As Mr. Bush says, the world is indeed a better place because Iraq's regime was toppled from power. But the primary reason the White House gave the world for going to war turned out to be untrue. Many, if not most, Americans believed him when he repeatedly asserted that Iraq had the dreaded weapons. To eliminate what he and Vice President Richard Cheney described as an imminent threat, thousands of American troops were sent into battle at a cost that is approaching $200 billion. There have been thousands of American and Iraqi casualties.

Mr. Bush, leading members of his administration and the president's top ally, British Prime Minister Tony Blair, trumpeted intelligence reports that said the Iraqi dictator had chemical and biological weapons stockpiled around Iraq and was prepared to use them. They speculated that Iraq was just a few years if not months away from having a nuclear weapons capacity.
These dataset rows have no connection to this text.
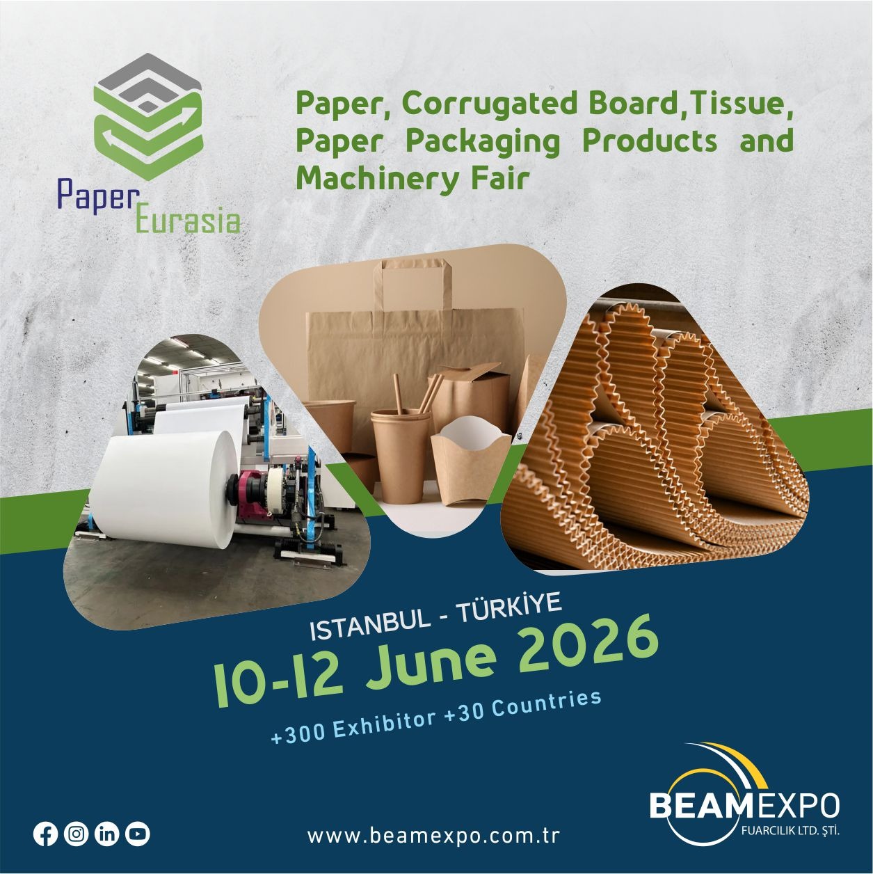 PAPER EURASIA 2026 will take place at Istanbul Expo Center between 10–12 June 2026, bringing together the paper, corrugated cardboard, tissue paper, printing, paper packaging products, machinery and equipment industries under one roof.
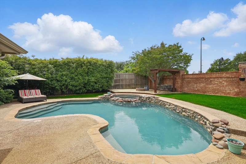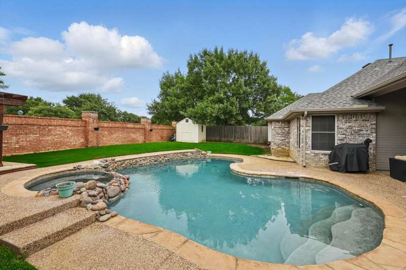 Welcome to 8133 Pecan Ridge Drive A North Richland Hills Gem in Keller ISD! From the moment you arrive, youll be captivated by the curb appeal of this beautifully maintained home. A spacious circle drive and fresh landscaping offer a warm welcome and provide the perfect parking solution for entertaining guests! Step inside to a generously sized living room with a cozy gas fireplace, ideal for relaxing evenings or lively gatherings. The kitchen is a dream for any home chef, featuring extensive counter space, abundant cabinetry, and modern appliances ready for your next culinary creation. The private primary suite is thoughtfully tucked away from the rest of the home, offering a peaceful retreat complete with a spa-like ensuite featuring dual sinks, two separate closets, a separate shower, and a jacuzzi tub for ultimate relaxation. Two additional bedrooms are located on the opposite side of the home, connected by a Jack-and-Jill style bathroom. A fourth bedroom, perfect for guests or a home office, is tucked away at the back of the house next to the third full bathroom. Enjoy year-round living in the sunroom, or take the fun outside to your private backyard oasis complete with a sparkling pool, pergola, fire pit, and a storage shed for all your outdoor needs. Think it can't get any better? Think again! This home also features a new roof and gutters (2022), HVAC system overhaul including ductwork (2023), pool and jacuzzi pump replaced (2022), and no carpet throughout the home (to name a few). Zoned for highly-rated Keller ISD schools including Liberty Elementary and with convenient access to shopping, dining, and your favorite local coffee spots, you do not want to miss your opportunity to own this move-in-ready beauty in a prime North Richland Hills location!
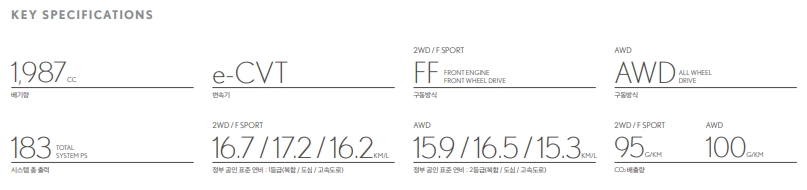 렉서스 UX 250 F 스포츠의 공인연비는 15.9km/l입니다.

Bush Cabinet members even quantified the amount of agents such as anthrax and other toxins that Mr. Hussein was thought to have. Secretary of State Colin L. Powell gave a slide presentation to the U.N. Security Council last February that purported to show weapons labs and launch sites.

But UN inspectors and Mr. Kay's team, active in Iraq since the end of major fighting in May, could find no weapons of mass destruction. "I don't think they exist," Mr. Kay said of WMDs.

He blamed it all on a failure of intelligence gathering and interpreting and said the intelligence community owes the president an explanation rather than the president owing the American people an explanation.

That's too easy. Mr. Bush's contemporaries should ask, as historians surely will, whether the president and his Cabinet were too willing to accept intelligence that should have been questioned and whether the administration pressured analysts to fit their assessments with the White House's preconceived notions about Iraq.

Americans are owed an explanation of why their government's case for war does not hold up. It should come from Mr. Bush. The director of the CIA does not take the nation to war. The president is the one who makes such life and death decisions.